(Source records)
↓↓↓

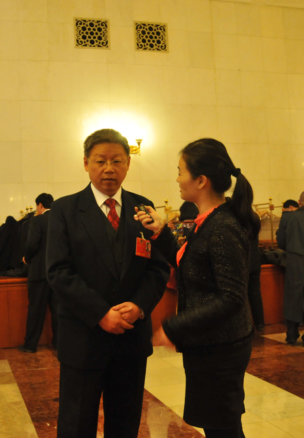 2013年3月3日下午3时,全国政协十二届一次会议在人民大会堂举行开幕会,听取政协全国委员会常务委员会工作报告,听取政协全国委员会常务委员会关于提案工作情况的报告。图为全国政协委员、国务院扶贫办主任范小建接受新华网、中国政府网记者专访。 宋君毅 摄
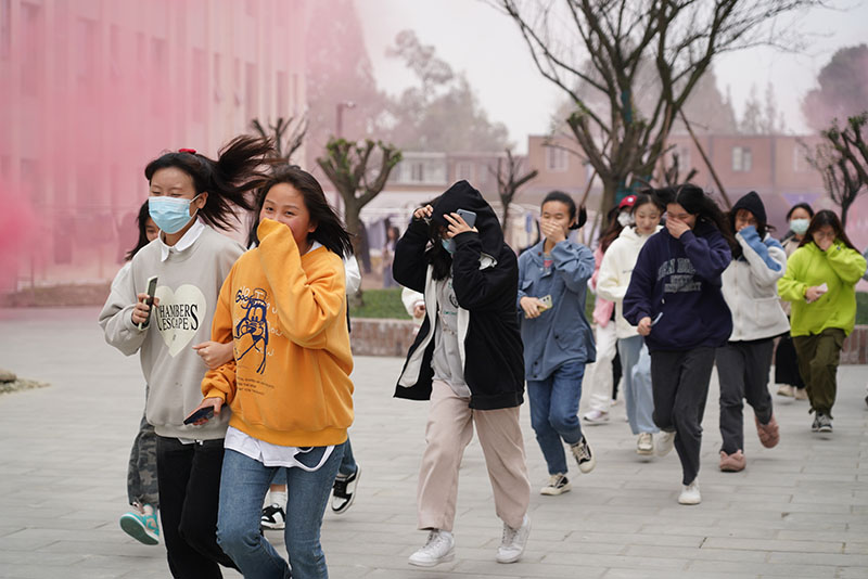 此次消防演练分别在双校区学生宿舍楼前开展。13时消防警报响起,银杏学生根据各楼层引导员统一指挥,按照既定路线撤离。撤离期间,学生弯腰低头用衣袖遮挡口鼻,互相照顾,演练过程井然有序。演练结束后,保卫处对此次消防逃生疏散演练进行了专业点评,对参演人员逃生疏散时表现出的镇定自若给予了充分肯定。
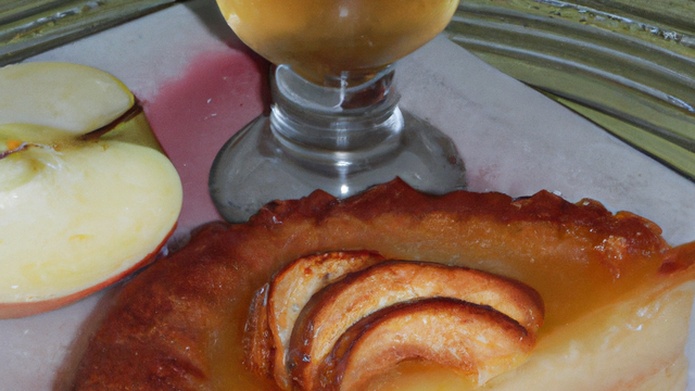 Etaler la pâte sablée dans un moule à bords hauts. Couper les pommes en lamelles et les étaler sur la pâte. Faire bouillir la préparation pour pudding avec le cidre, le sucre et le sucre vanillé.
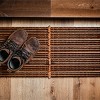 - The top of this wooden doormat is lined with stiff PVC bristles, perfect for using as a boot scraper to free your shoes from slush and caked-on mud
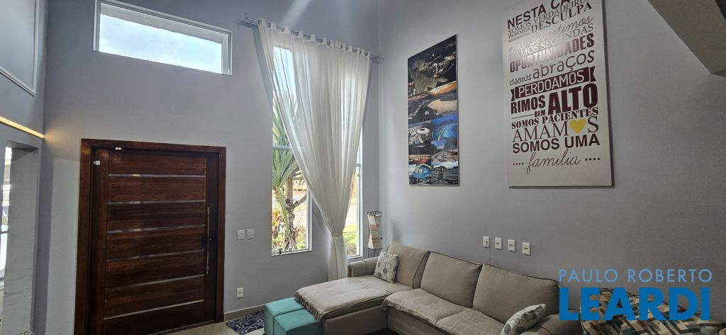 Casa com 03 dormitórios, sendo 02 suites com sacada, e um com closet e ar condicionado, ampla sala com pé direito alto para dois ambientes, escritório, lavabo, cozinha com palanejados, despensa, lavanderia, garagem para 02 carros e uma espaçosa área gourmet com piscina. Casa com sistema de energia fotovoltaica e aquecimento solar. Aceita financiamento e permuta por terreno em condomínio em Louveira. O condomínio possui portaria 24 h, lhe proporcionando segurança, e muito bem localizado, com fácil acesso a rodovia Romildo Prado e Anhanguera. Agende sua visita.
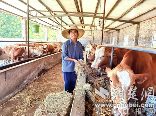 麻城鎮(zhèn)板廟村村民孫紅明正在給肉牛喂草。 李德銀 攝
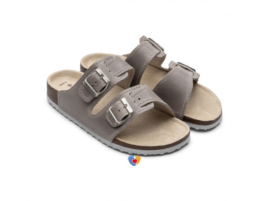 Zvršok z prírodnej kože v kombinácii s dvoma prackami zaručuje dokonalé prispôsobenie chodidlu. Vnútorná podšívka z prírodnej textílie navyše prispieva k príjemnému pocitu počas celého dňa.
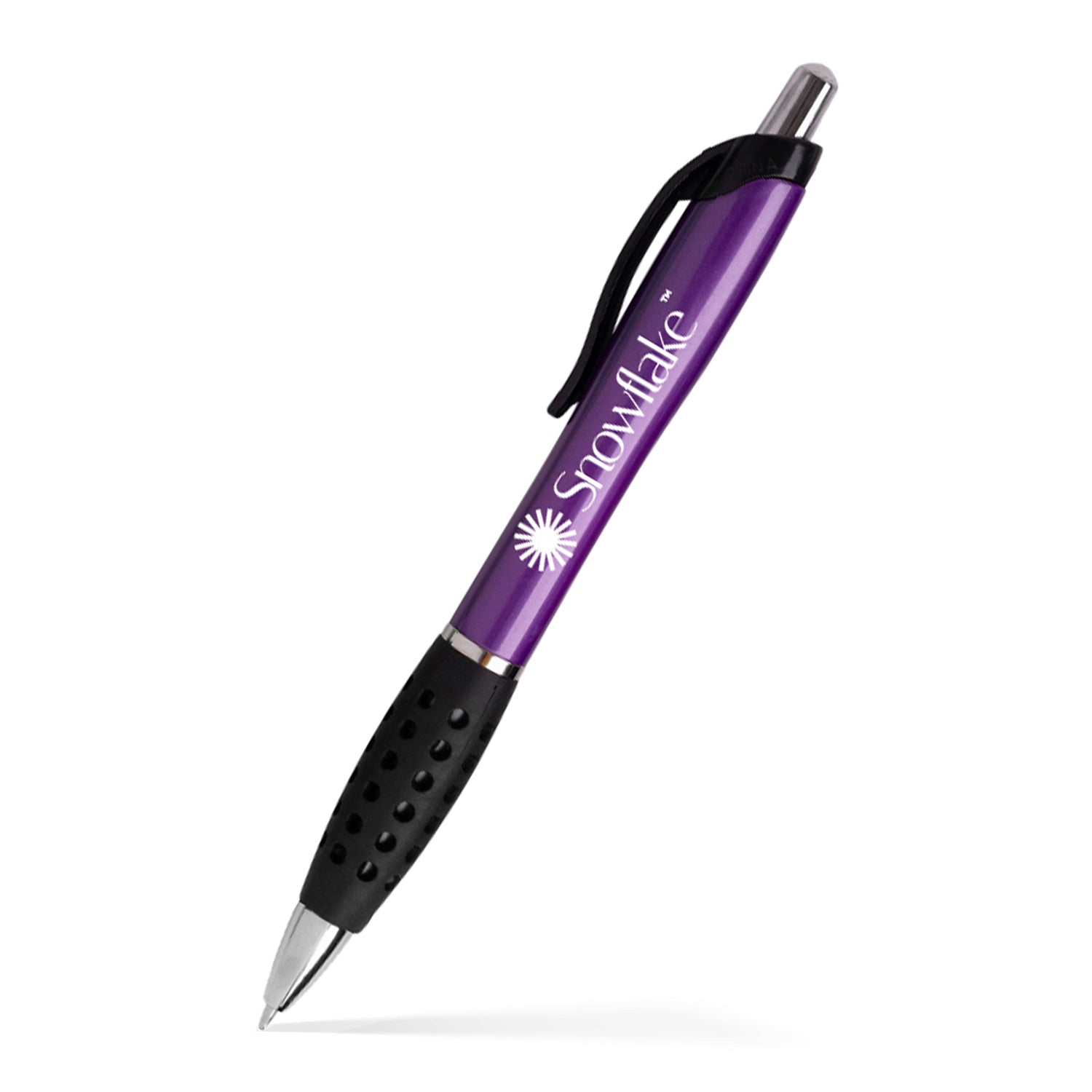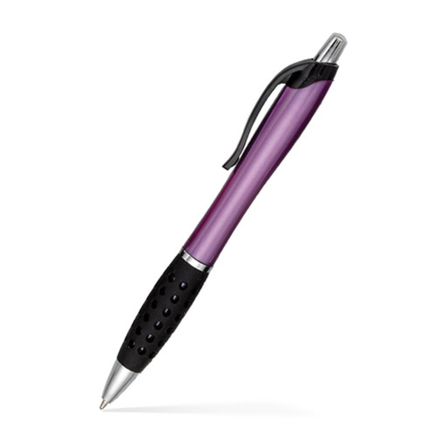 A classy and contoured curvaceous barrel, with a black dotted rubber grip, this hourglass shaped retractable click pen is definitely a great value for a modest price. Medium point, black ink. Colored barrel..
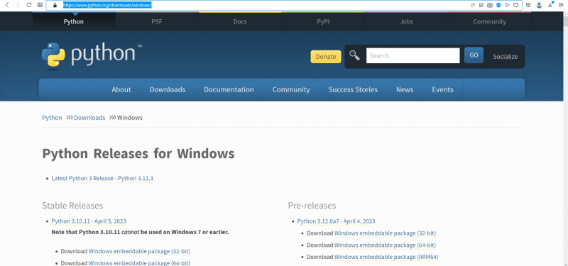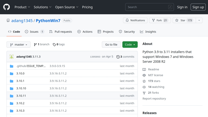Compilações funcionais do Python para Windows 7 estão disponíveis, por exemplo, no GitHub (fonte: captura de tela do github.com)
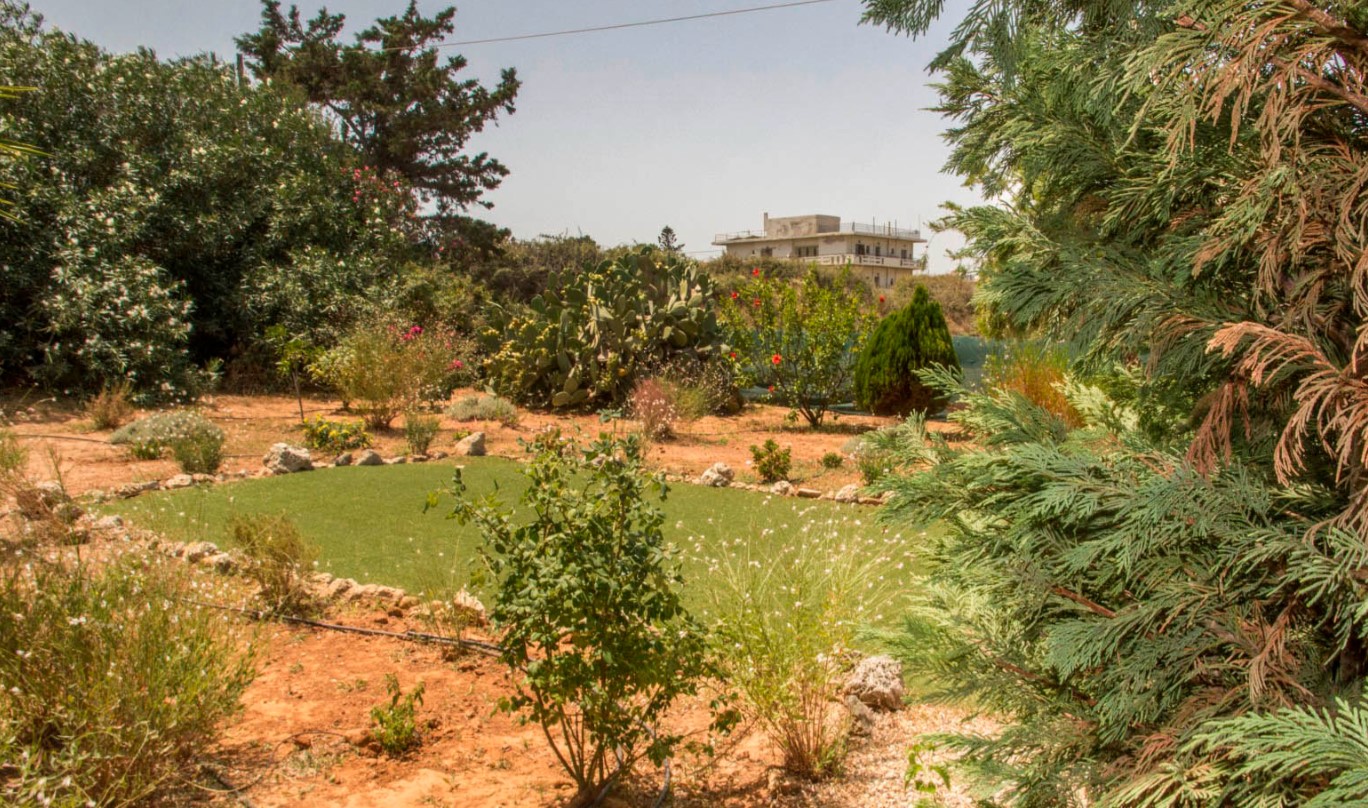 המגרש כולו מגודר, מוקף חומה ומטופח. הגינה עוטפת את הבית ומורכבת משבילים קטנים, מדשאה קטנה, מתחם מגודר לתרנגולות וארנבות למקרה שרוצים ומגוון פרחים, שיחים ועצים. לחלק האחורי של הבית מבנה אחסון גבוה.
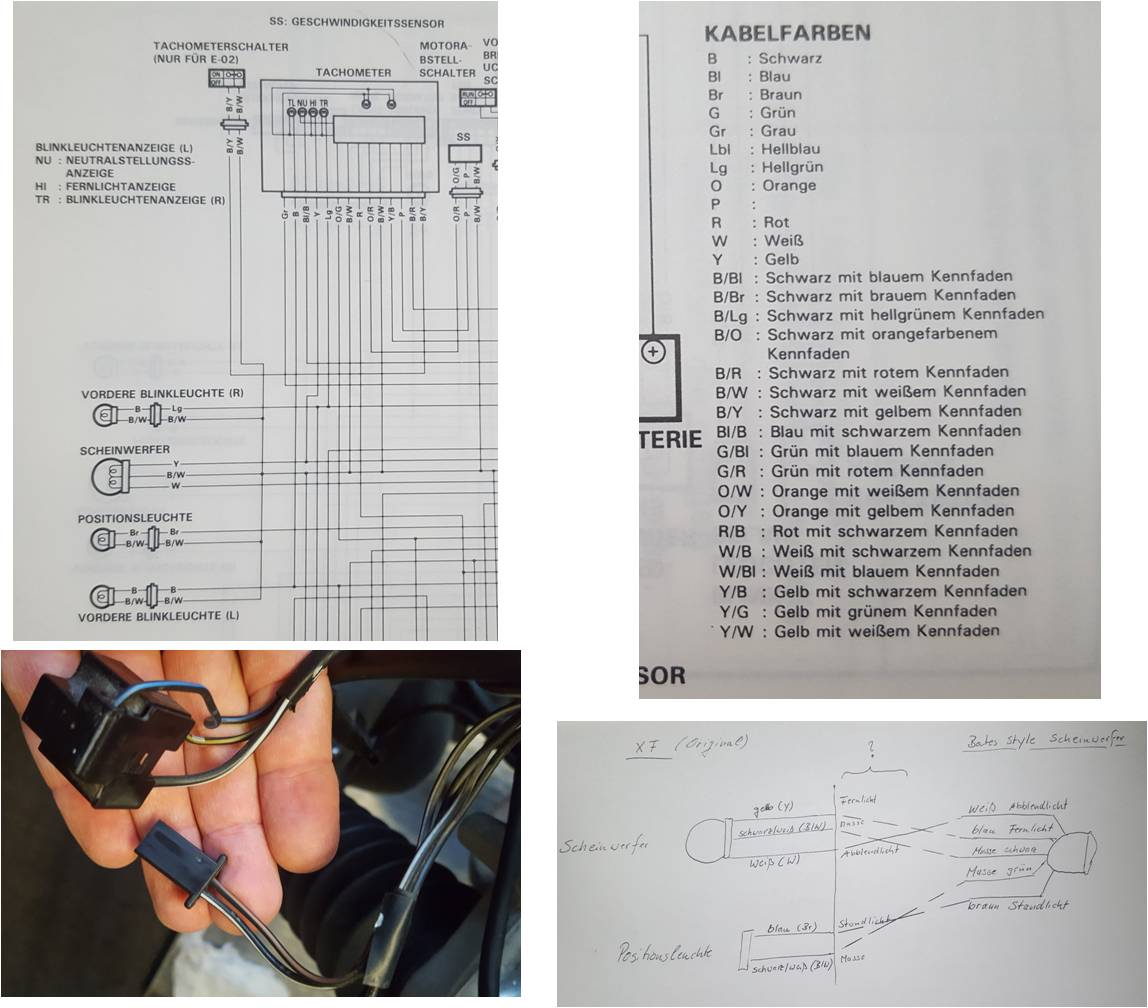 ich will mir einen neuen Scheinwerfer anbauen. Nachdem ich im Schaltplan nach den Farben gesucht habe, scheint das bei mir nicht ganz zu passen. Auf dem Bild habe ich Ausschnitte aus dem Schaltplan vom Werkstatthandbuch. Darin müssten die Kabel des Scheinwerfers neben schwarz/weiß noch gelb und weiß sein. Tatsächlich sind sie aber schwarz/weiß sowie schwarz/gelb und schwarz/blau (Stecker in meiner Hand). Die Positionsleuchte scheint zu stimmen.

↑↑↑

## DIRECTIONS
Please repeat the records above exactly, omitting any pictures they contain.

## TASK RESPONSE
 2013年3月3日下午3时,全国政协十二届一次会议在人民大会堂举行开幕会,听取政协全国委员会常务委员会工作报告,听取政协全国委员会常务委员会关于提案工作情况的报告。图为全国政协委员、国务院扶贫办主任范小建接受新华网、中国政府网记者专访。 宋君毅 摄
 此次消防演练分别在双校区学生宿舍楼前开展。13时消防警报响起,银杏学生根据各楼层引导员统一指挥,按照既定路线撤离。撤离期间,学生弯腰低头用衣袖遮挡口鼻,互相照顾,演练过程井然有序。演练结束后,保卫处对此次消防逃生疏散演练进行了专业点评,对参演人员逃生疏散时表现出的镇定自若给予了充分肯定。
 Etaler la pâte sablée dans un moule à bords hauts. Couper les pommes en lamelles et les étaler sur la pâte. Faire bouillir la préparation pour pudding avec le cidre, le sucre et le sucre vanillé.
 - The top of this wooden doormat is lined with stiff PVC bristles, perfect for using as a boot scraper to free your shoes from slush and caked-on mud
 Casa com 03 dormitórios, sendo 02 suites com sacada, e um com closet e ar condicionado, ampla sala com pé direito alto para dois ambientes, escritório, lavabo, cozinha com palanejados, despensa, lavanderia, garagem para 02 carros e uma espaçosa área gourmet com piscina. Casa com sistema de energia fotovoltaica e aquecimento solar. Aceita financiamento e permuta por terreno em condomínio em Louveira. O condomínio possui portaria 24 h, lhe proporcionando segurança, e muito bem localizado, com fácil acesso a rodovia Romildo Prado e Anhanguera. Agende sua visita.
 麻城鎮(zhèn)板廟村村民孫紅明正在給肉牛喂草。 李德銀 攝
 Zvršok z prírodnej kože v kombinácii s dvoma prackami zaručuje dokonalé prispôsobenie chodidlu. Vnútorná podšívka z prírodnej textílie navyše prispieva k príjemnému pocitu počas celého dňa.
 A classy and contoured curvaceous barrel, with a black dotted rubber grip, this hourglass shaped retractable click pen is definitely a great value for a modest price. Medium point, black ink. Colored barrel..
Compilações funcionais do Python para Windows 7 estão disponíveis, por exemplo, no GitHub (fonte: captura de tela do github.com)
 המגרש כולו מגודר, מוקף חומה ומטופח. הגינה עוטפת את הבית ומורכבת משבילים קטנים, מדשאה קטנה, מתחם מגודר לתרנגולות וארנבות למקרה שרוצים ומגוון פרחים, שיחים ועצים. לחלק האחורי של הבית מבנה אחסון גבוה.
 ich will mir einen neuen Scheinwerfer anbauen. Nachdem ich im Schaltplan nach den Farben gesucht habe, scheint das bei mir nicht ganz zu passen. Auf dem Bild habe ich Ausschnitte aus dem Schaltplan vom Werkstatthandbuch. Darin müssten die Kabel des Scheinwerfers neben schwarz/weiß noch gelb und weiß sein. Tatsächlich sind sie aber schwarz/weiß sowie schwarz/gelb und schwarz/blau (Stecker in meiner Hand). Die Positionsleuchte scheint zu stimmen.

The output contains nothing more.